インサイダー取引規制における「バスケット条項(包括条項)」とは、金融商品取引法に規定される「(業務等に係る)重要事実」のうち、「決定事実」「発生事実」「決算情報」以外で「当該上場会社及び子会社の運営、業務または財産に関する重要な事実であって投資者の投資判断に著しい影響を及ぼすもの」をいいます。

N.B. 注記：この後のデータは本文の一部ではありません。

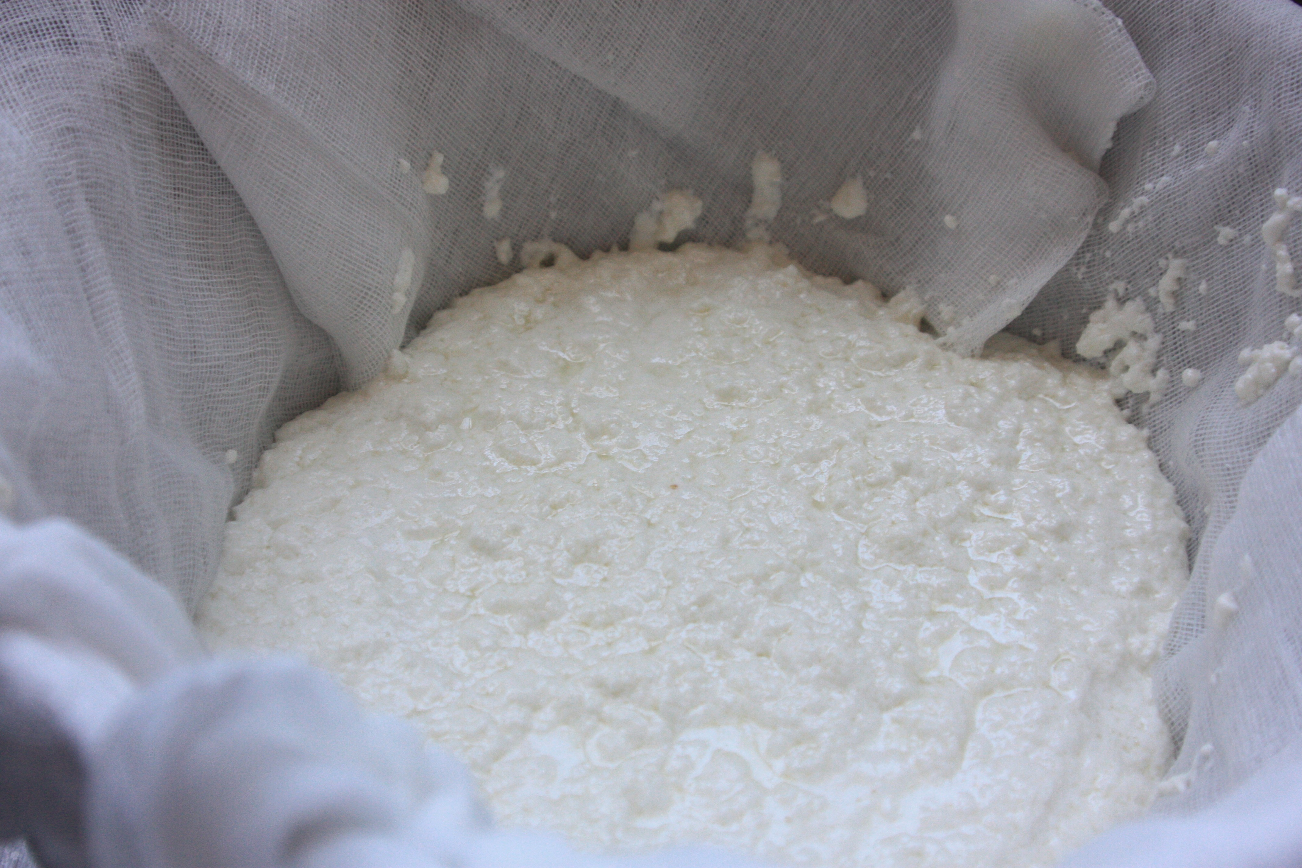 Who in the world would have thought it was this easy to make fresh ricotta??? I will never buy store bought ricotta again! I remember being in Sicilia one Easter with my friend, Danielle. Danielle lived with his parents (of course) in the apartamento above. On Easter morning, the doorbell rang and there stood his friend, who had driven down from his village near Mount Etna, to deliver a freshly killed baby goat for roasting, warm, fresh ricotta and a loaf of freshly baked bread wrapped in simple brown paper. The minute his amico was out the door, I lunged for the ricotta and bread. (I quickly forgot about the poor baby goat which he promptly, and thankfully, delivered to his parents.) We happily sat at his kitchen table slathering fresh, warm ricotta on the bread. How I still remember the taste of that ricotta – warm and wonderfully creamy. So you can imagine my excitement when I recently learned just how simple fresh ricotta is to make! The result is an incredibly creamy, fresh cloud that is incomparable in taste to its store bought relatives. The uses for this delicious treat are endless – slathered on bread alone, with a drizzle of honey, with warm roasted tomatoes, in ravioli, with fresh figs, in desserts and on and on and on. We will be making quite a few of these in the upcoming blogs but for now, lets get down to making this heavenly treat!

(金融商品取引法 第166条 2項 4号、8号)
金融商品取引法では、規制の対象となる「重要事実」を「決定事実」「発生事実」「決算情報」に区分して詳細に規定しています。
しかし、投資者の投資判断に著しい影響を与える事実のすべての事象を法律で定めることはできません。
そのため金融商品取引法は、「重要事実」を詳細に規定すると同時に、バスケット条項を設けることで、個別に規定されていなくても、投資判断に著しい影響を及ぼすものについては規制の対象としています。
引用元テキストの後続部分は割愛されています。